What to do:
Set down without change every line from the line that contains "Madison Park Odette" through the end of the listing, and only those lines. No pictures.

Supplied data:
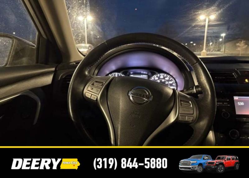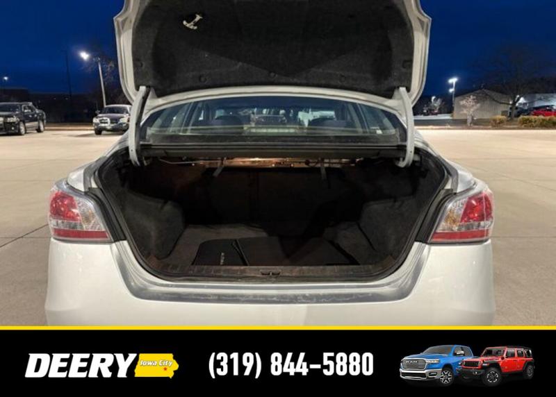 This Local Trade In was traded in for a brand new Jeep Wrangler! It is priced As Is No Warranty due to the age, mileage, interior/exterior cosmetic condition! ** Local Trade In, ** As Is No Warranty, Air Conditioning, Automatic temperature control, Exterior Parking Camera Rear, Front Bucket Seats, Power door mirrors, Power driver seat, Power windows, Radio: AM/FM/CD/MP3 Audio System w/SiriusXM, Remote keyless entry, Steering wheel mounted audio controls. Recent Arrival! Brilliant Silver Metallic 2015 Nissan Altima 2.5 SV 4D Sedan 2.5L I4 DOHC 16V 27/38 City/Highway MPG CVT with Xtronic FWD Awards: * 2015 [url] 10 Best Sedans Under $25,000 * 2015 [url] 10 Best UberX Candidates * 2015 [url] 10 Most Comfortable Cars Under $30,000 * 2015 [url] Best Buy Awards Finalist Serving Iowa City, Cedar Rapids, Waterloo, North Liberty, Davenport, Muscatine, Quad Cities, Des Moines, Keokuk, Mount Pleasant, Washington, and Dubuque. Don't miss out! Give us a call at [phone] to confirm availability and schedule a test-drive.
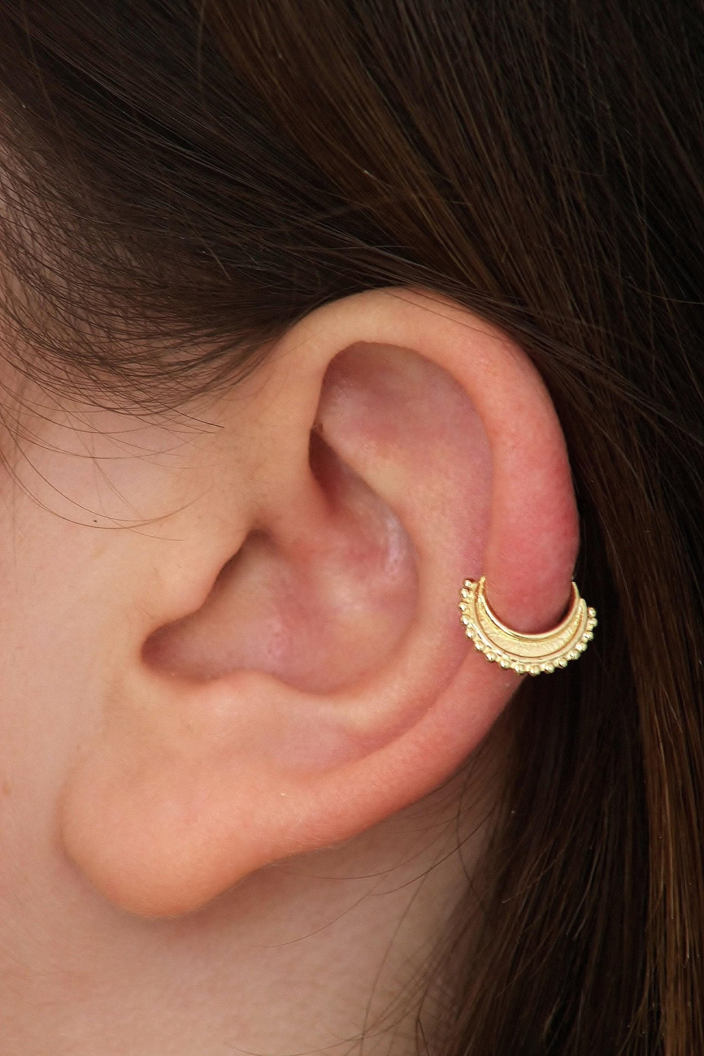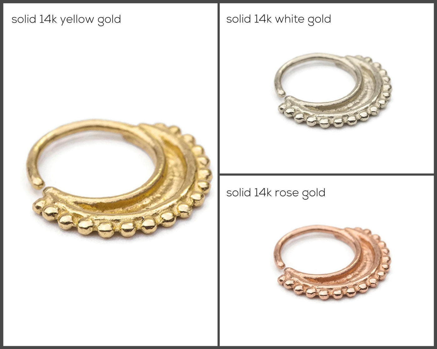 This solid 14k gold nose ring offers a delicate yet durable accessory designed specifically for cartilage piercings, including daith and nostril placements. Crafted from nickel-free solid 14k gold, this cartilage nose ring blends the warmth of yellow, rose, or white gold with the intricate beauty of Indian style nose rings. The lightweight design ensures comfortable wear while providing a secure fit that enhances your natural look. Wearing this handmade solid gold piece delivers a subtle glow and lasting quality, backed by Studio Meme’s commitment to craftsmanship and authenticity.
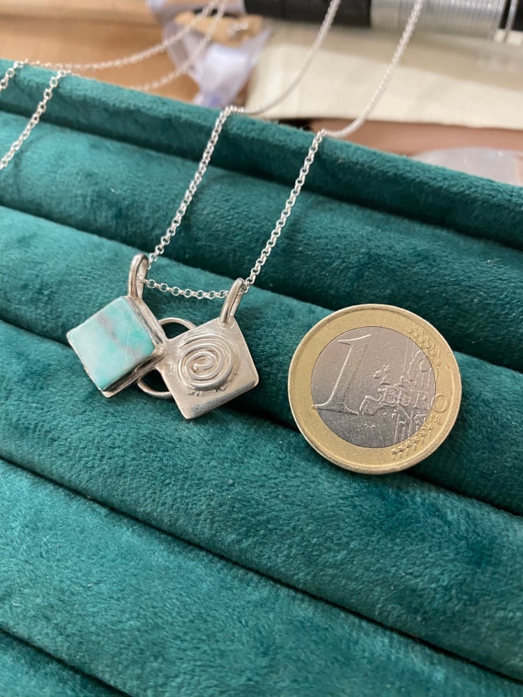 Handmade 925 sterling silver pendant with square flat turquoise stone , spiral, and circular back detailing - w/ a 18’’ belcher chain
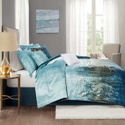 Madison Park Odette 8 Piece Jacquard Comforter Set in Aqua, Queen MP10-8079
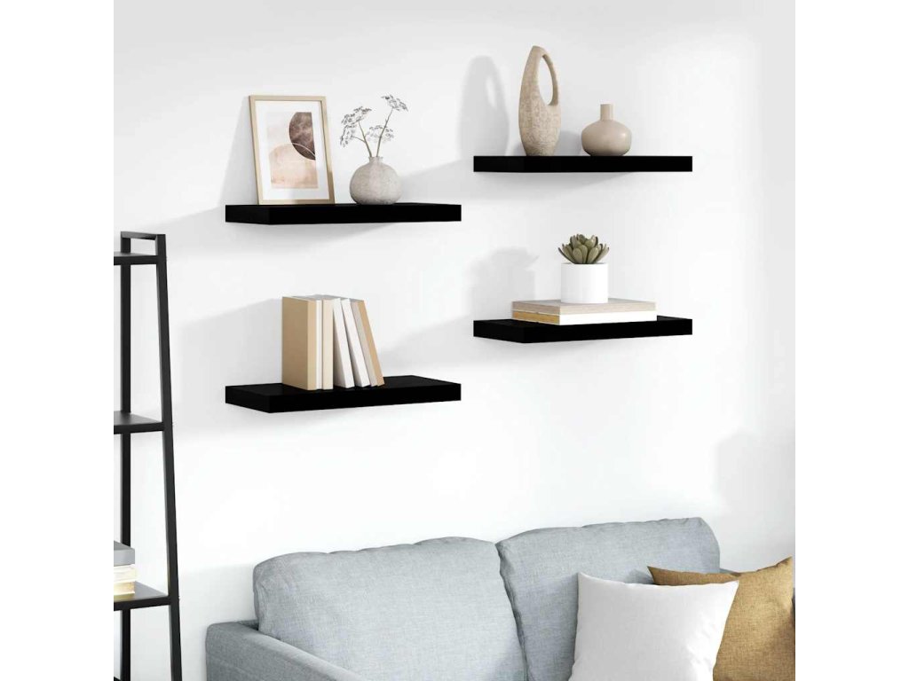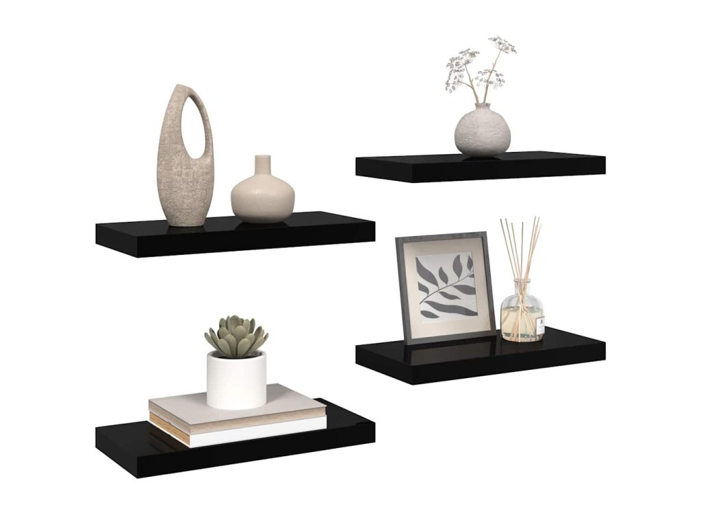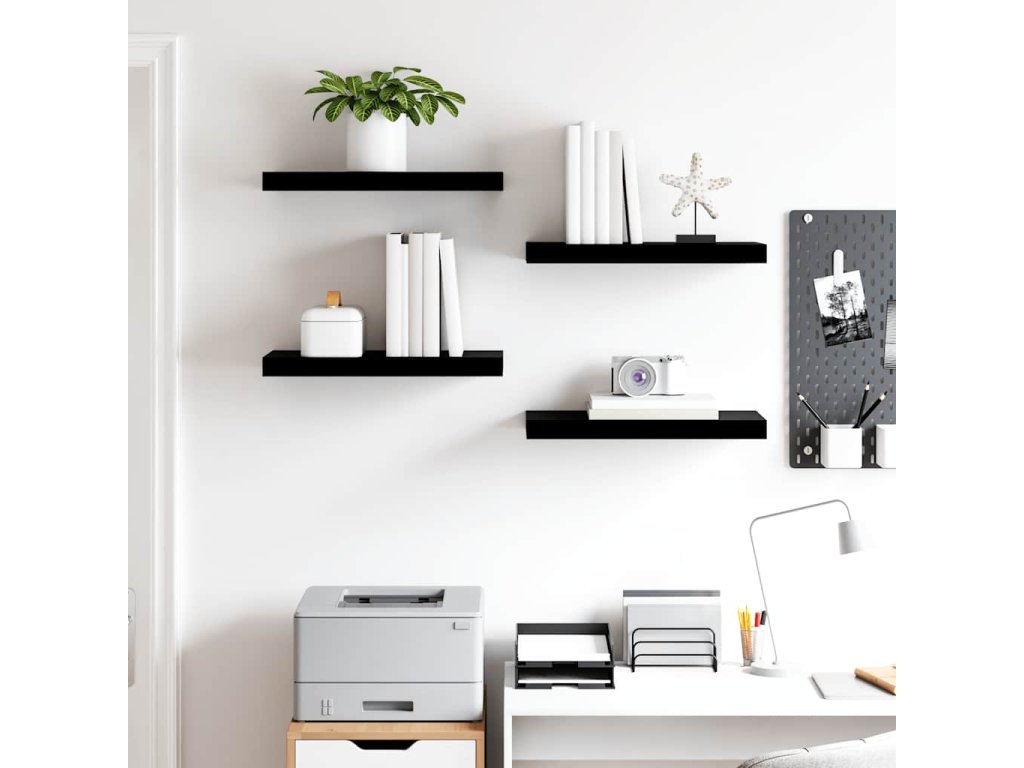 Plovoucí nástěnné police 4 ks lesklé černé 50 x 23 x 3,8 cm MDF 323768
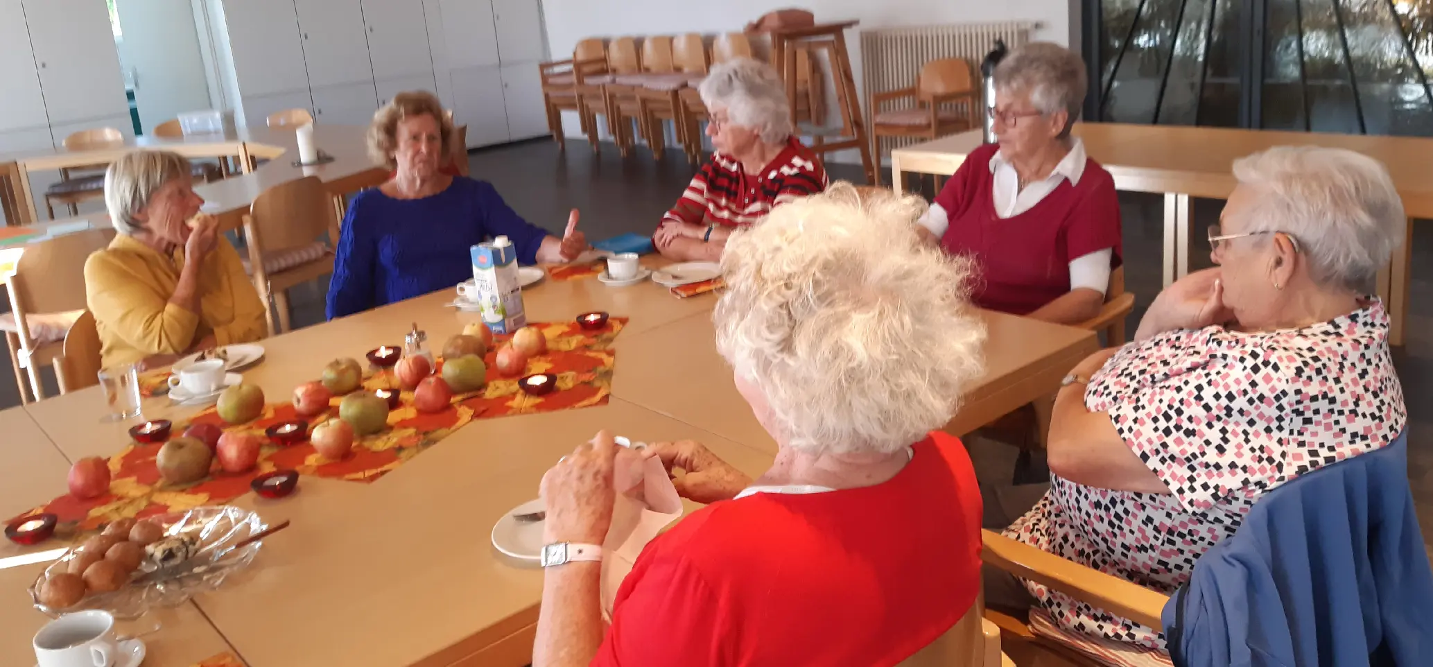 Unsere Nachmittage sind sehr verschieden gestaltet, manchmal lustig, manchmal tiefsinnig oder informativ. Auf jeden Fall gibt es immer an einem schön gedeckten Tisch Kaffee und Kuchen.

Exercise result:
 Madison Park Odette 8 Piece Jacquard Comforter Set in Aqua, Queen MP10-8079
 Plovoucí nástěnné police 4 ks lesklé černé 50 x 23 x 3,8 cm MDF 323768
 Unsere Nachmittage sind sehr verschieden gestaltet, manchmal lustig, manchmal tiefsinnig oder informativ. Auf jeden Fall gibt es immer an einem schön gedeckten Tisch Kaffee und Kuchen.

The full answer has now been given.